= Ruediger Heining =

German economist and agricultural scientist

Ruediger Heining (born 1968 in Bielefeld, West Germany) is a German economist and agricultural scientist. He is regarded as an expert on vocational education and development in South-West Europe and the Caucasus. From 2017 to 2022, he served as managing director of DEULA Baden-Württemberg in Kirchheim unter Teck and as vice-president of the Bundesverband DEULA (German Training Centre for Agricultural Engineering).

Since October 2022, Heining has been managing director of the "Center for Nursing, Social Professions and Volunteering Non-Profit Society mbH" in Maria Bildhausen, where he is responsible for establishing the Barbara Stamm Academy.

== Life and work ==
From 1993, Heining studied management, agricultural economics, agricultural policy, business management, and marketing at the University of Hohenheim, graduating with a diploma in 1998. He later pursued a master's degree in international agricultural economics under Franz Heidhues and Jürgen Zeddies at the same university. In addition, he completed studies in e-learning systems and in synchronous and asynchronous e-learning software at the University of Hagen, receiving certificates in each program.

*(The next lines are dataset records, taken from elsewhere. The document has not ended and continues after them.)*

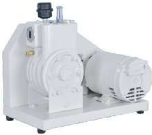
FE-1405 60 l/min
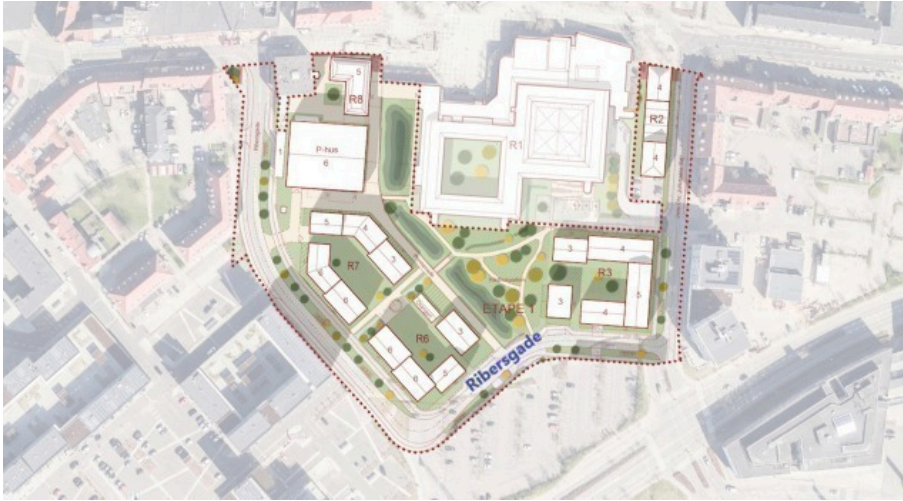
Figur 1. Oversigtskort over omlægningen af Ribersgade
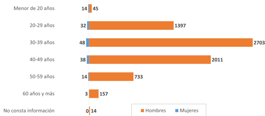
Figura 1. Nº de casos por grupos de edad y sexo

La distribución por edad y sexo se muestra en la figura 1.
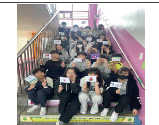
(6학년) 국가 세우기 -개국 선포식
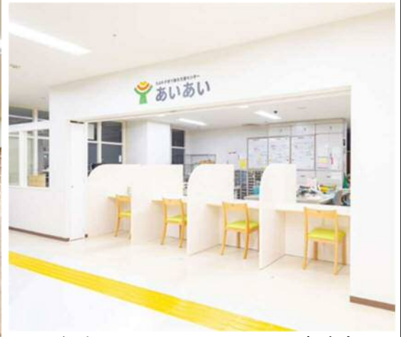
総合インフォメーション 事務室
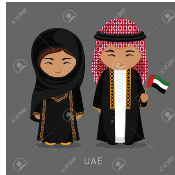
22-30 NOVEMBER 2019 PROGRAM JELAJAH ILMU 15 GEORGIA DAN DUBAI
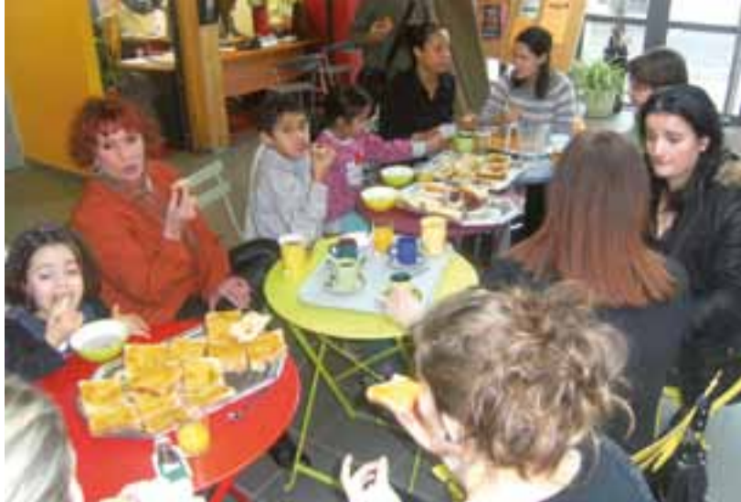
Atelier « Cuisinez en famille » spécial petit déjeuner.

1, place de la Mairie CS 30195 - SAINT DENIS LES BOURG 01005 BOURG EN BRESSE CEDEX Tél. 04 74 24 24 64 Fax 04 74 24 35 05 www.stdenislesbourg.fr mairie@stdenislesbourg.fr
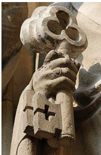
Petrus und der Schlüssel
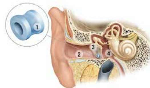
1. Diabolo / 2. Uitwendige gehoorgang / 3. Trommelvlies / 4. Middenoor
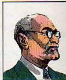
۱۷) محمدعلی فروغی ۲۸ آذر ۱۳۰۴ - تیرماه ۱۳۰۵، ۲۶ شهریور ۱۳۱۲ - آذر ۱۳۱۴، ۵ شهریور ۱۳۲۰ - اسفند ۱۳۲۰
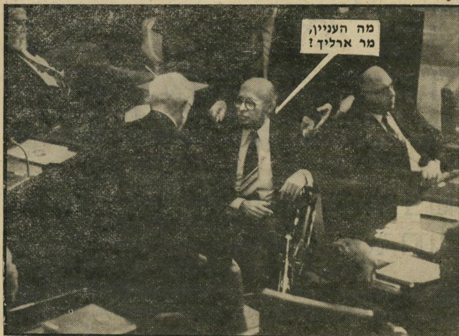
מה העניין, מר ארליך?
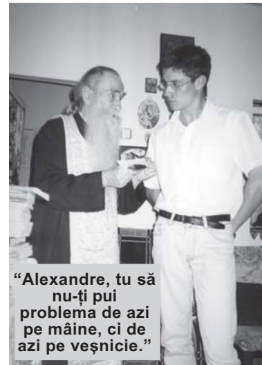
“Alexandre, tu să nu-ți pui problema de azi pe mâine, ci de azi pe veșnicie.”
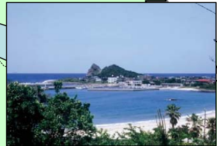
名前:芥屋海水浴場 場所:福岡県糸島郡志摩町芥屋
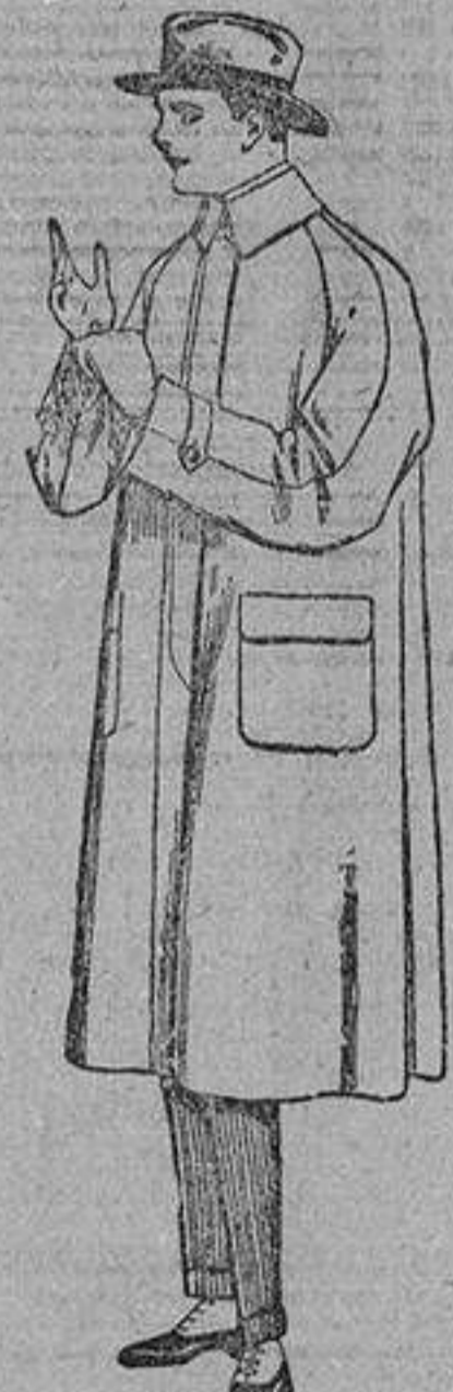
Impermeables ranglón en varios colores. De ptas. 45 a 150.
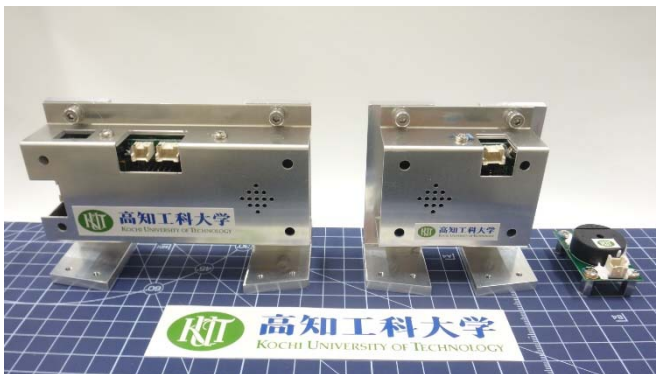
観測ロケット先端部に搭載するインフラサウンド計測機器 左から、メインマイク、サブマイク、ブザー

音は遠い距離まで伝わる場合には、上空の成層圏まで行って帰ってくるモードもあり、どの位のエネルギーがそこまで行っているかは殆ど実測されておらず未解明です。ノイズの少ない高層大気中で実験を重ね、少しずつデータを蓄積していく必要があり、今後も同社と継続的にコラボし実験を重ねていく予定です。
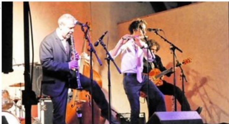
▲ L'ensemble Horse Raddish jouera sa musique klezmer dimanche 2 août au Bugue.

D epuis sa création en 1969 dans l'église romane d'Audrix, village du Périgord noir entre Vézère et Dordogne, les objectifs du festival Musique en Périgord n'ont pas varié : accueillir des artistes consacrés mais aussi de jeunes interprètes, faire connaître et aimer la musique en milieu rural, et familiariser les enfants avec différents types de musiques (1).
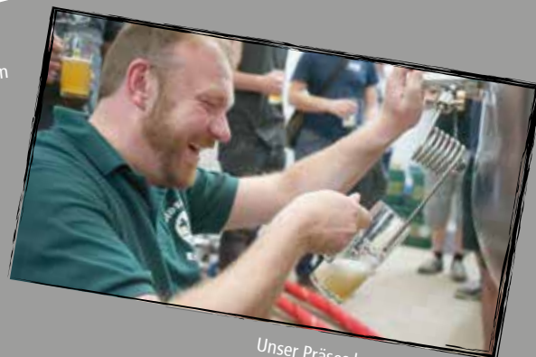
Unser Präses beim Bier zapfen.
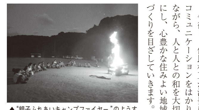
▲「親子ふれあいキャンプファイヤー」の様子

このような中、二浦地区振興会では、地域の自然を守るための、河川の浄化活動や、みんなが集い楽しむ親子ふ
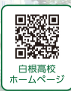
白根高校 ホームページ

令和4年に「南区」、令和5年には「にいがた南区創生会議」と連携・協力に関する協定を締結している白根高校は、積極的に地域に出てさまざまな活動を両者と協働して取り組んでいます。社会貢献につながるこれらの活動は、白根高校の特色の一つでもあります。皆さんの地域で活動をしている白根高校生を見かけたら、温かい一声を掛けてください。今回は生徒たちのたくさんの活動の中からほんの一部を紹介します。
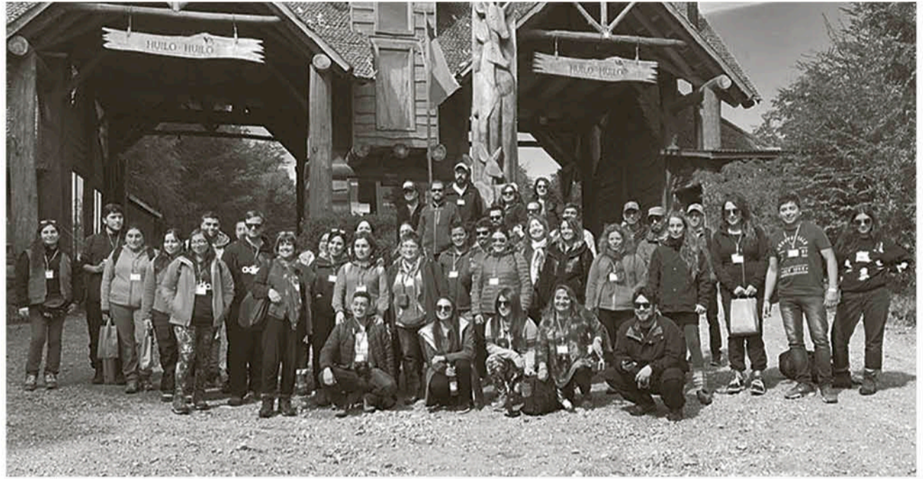
EL AÑO PASADO, la misma actividad la vivieron profesores de la región de Ñuble. Este año es el turno de la provincia de Biobío.

Para la profesora de Historia, la coyuntura actual que viven los docentes y alumnos es única y hace que muchas veces sea difícil lograr una conexión que permita el aprendizaje. "Este año, todos los alumnos que están en los colegios de Chile son alumnos nacidos en el tercer milenio, no hay ninguno del siglo XX, y todos los profesores son nacidos en el siglo XX. Con todo lo que ello implica. No hay ningún profesor menor de 20 años y no hay ningún
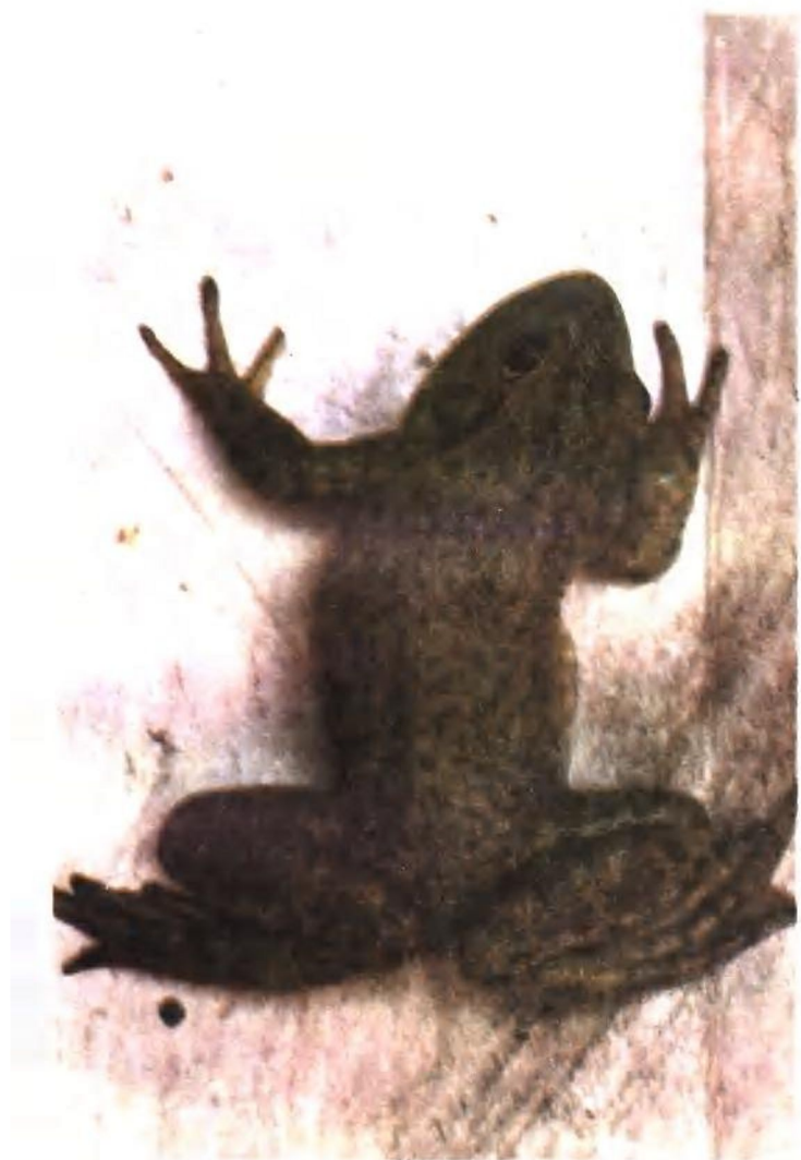
图版六：牛蛙旋转病 蛙体歪斜
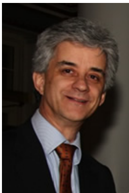
Titulaire de la Chaire
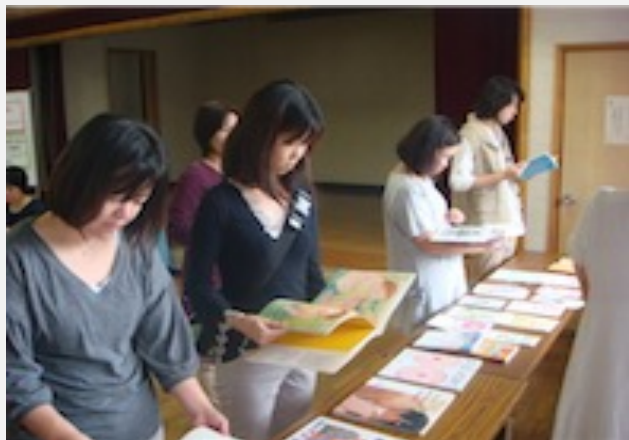
＜絵本を使って性の話を＞ 子育て支援保育士×図書館
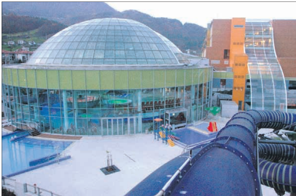
Otroci naj bi se zastrupili v zunanjem manjšem bazenu z igrali.

Zastrupitev se je zgodila v petek okoli poldneva, ko se je četverica (otroci so stari 4, 5, 9 in 15 let, med njimi trije dečki in ena deklica) kopala v zunanjem rekreacijskem bazenu termalnega centra Wellness park Laško. Otroci naj bi nenadoma začeli kašljati, imeli naj bi težave z dihanjem. Najprej so jim priškočili na pomoč bazenski reševalci, ti so poklicali še zdravstveno reševalno službo. Malčke so odpeljali v celjsko bolnišnico, kjer so preiskave pokazale, da zastrupitev pri enem otroku zahteva
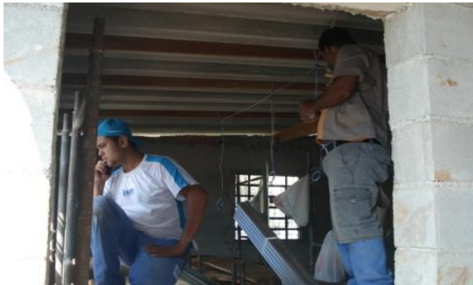
INICIO DA INSTALAÇÃO DO FORRO DE GESSO
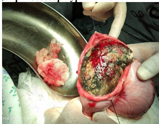
Расм – 4. Трихобезоар. Ошқозон очилгандаги ҳолат.
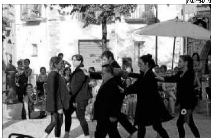
L'avanç de l'espectacle «Ballalavida!» en una festa de barri a Banyoles.

Per aconseguir finançament, el 13 de juny la Fundació Estany va posar en marxa una campanya de micromecenatge a través de la plataforma Verkami que ha permès recollir més de 3.000 euros, destinats íntegrament al projecte de dansa inclusiva Dans Capaci-
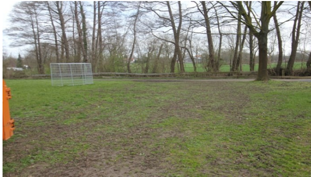
Abbildung 4: Freifläche am Bolzplatz am Kaarbach aus westlicher Richtung betrachtet
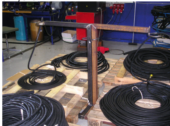
Forbedret system til slangerne gør det lettere og hurtigere at finde og afkorte de rigtige slanger

Derudover blev der sat et mål om, at skabe ensartede montagepladser, så indretning og udseende kunne få et løft. Målet med mere ensartethed var desuden at skabe bedre mulighed for fleksibilitet blandt medarbejderne, og mere effektiv oplæring af nye folk.
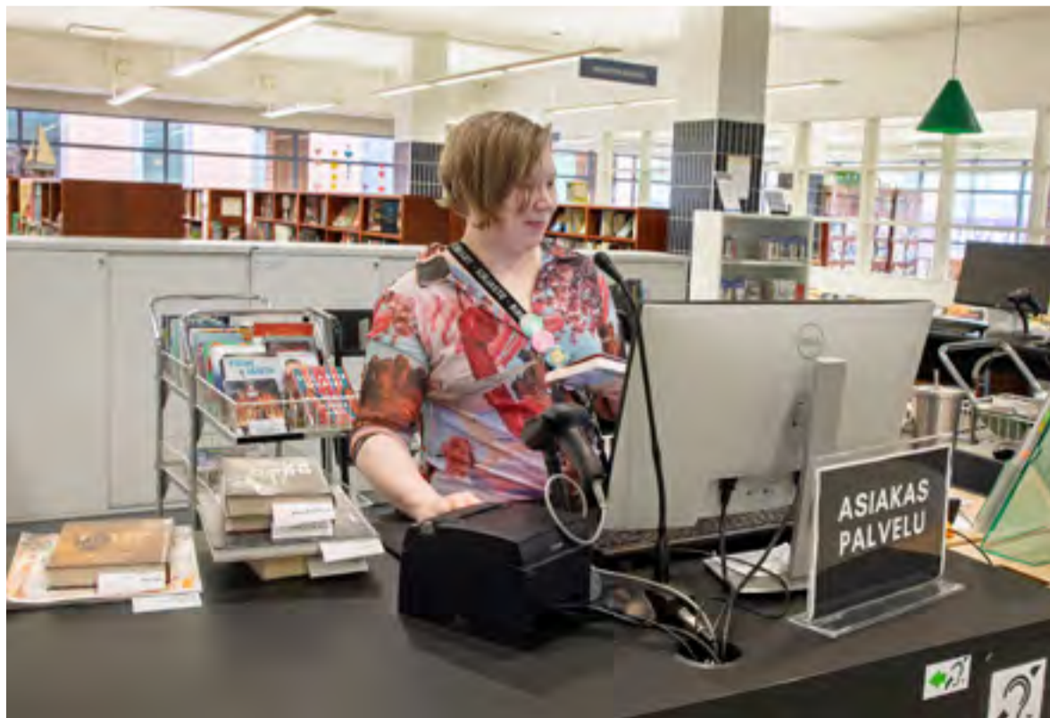
Kirjaston palvelut pyritään tarjoamaan normaalisti töiden aiheuttamista poikkeuksista huolimatta.

Tulevien korjaustöiden takia kirjasto voidaan joutua sulkemaan joksikin aikaa, ja sisään- ja uloskäynti on mahdollisesti hoidettava väliaikaisjärjestelyillä. Kirjaston palvelut pyritään kuitenkin tarjoamaan kuntalaisille mahdollisimman normaalisti töiden aiheuttamista poikkeuksista huolimatta. ●
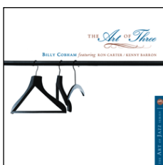
IOR CD 77045-2 Billy Cobham The Art Of Three
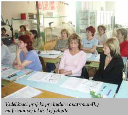
Vzdelávací projekt pre budúce opatrovateľky na Jeseniovej lekárskej fakulte
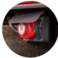
2. 배터리 차단 스위치
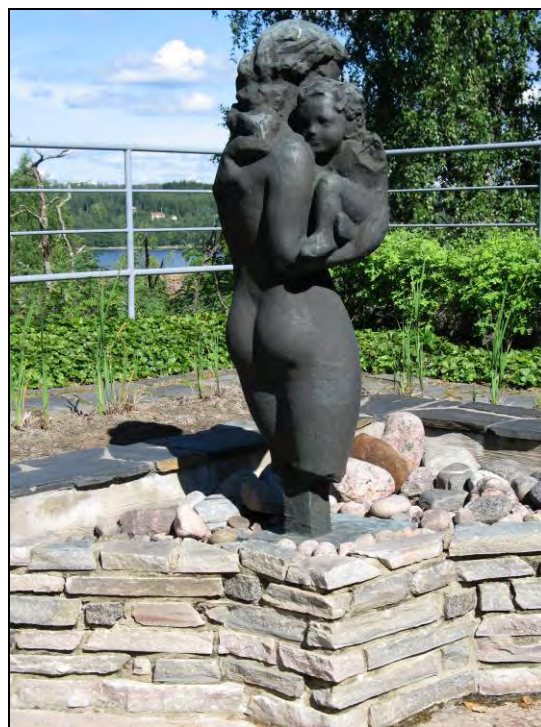
Kuva 33-34. Tulevaisuus

From 1998 to 2004, Heining worked as a research assistant, first at the East European Centre of the University of Hohenheim. From 2001, he served as head of the Eastern Europe division at the university's project enterprise, IBH GmbH, where he managed EU-PHARE, EU-TACIS, EU research, and EU Twinning projects. He was also responsible for implementing the Leonardo da Vinci project in Germany, Slovakia, and Romania. Since 2010, he has worked as an expert for the World Bank, contributing to the project "Quality Management and Customer Orientation in Agricultural Administration."

Through various foreign assignments with EU Twinning projects, Heining later worked with the United Nations Development Programme (UNDP) in Georgia, where he served as a diplomat and project manager in establishing a vocational training system. In March 2017, he became managing director of DEULA Baden-Württemberg, and in 2018, vice-president of the federal association DEULA e.V. He is also a member of the supervisory board of the German-Romanian Centre for Specialist Training and Continuing Education in Voiteg, Romania.

== International engagement ==

- Assignment under the Austrian–German Twinning Project "Strengthening the Political Decision-Making Capacity of the Ministry of Agriculture and Rural Development in Romania", commissioned by the German Federal Ministry of Food, Agriculture and Consumer Protection in cooperation with Agrarmarkt Austria (2006–2009).
- Assignment in Romania for functional assessments of public administration (contract with the World Bank); project leader for the identification and registration of animals in Romania on behalf of the German Federal Ministry of Food, Agriculture and Consumer Protection.
- Assignment with the German Twinning Project "Strengthening of Initial Vocational Training in the Area of Agriculture in the Republic of Azerbaijan", on behalf of the German Federal Ministry of Food, Agriculture and Consumer Protection.
- Assignment in Cyprus for functional assessments of agricultural public administration (contract with the World Bank). Also involved in the implementation of a strategic planning system in the Romanian government, with a focus on the Ministry of Agriculture and Rural Development (contract with the World Bank).
- Assignment as project manager of the United Nations Development Programme in Georgia, responsible for the project "Modernisation of the Vocational Training and Education Systems in Connection with Agriculture in Georgia".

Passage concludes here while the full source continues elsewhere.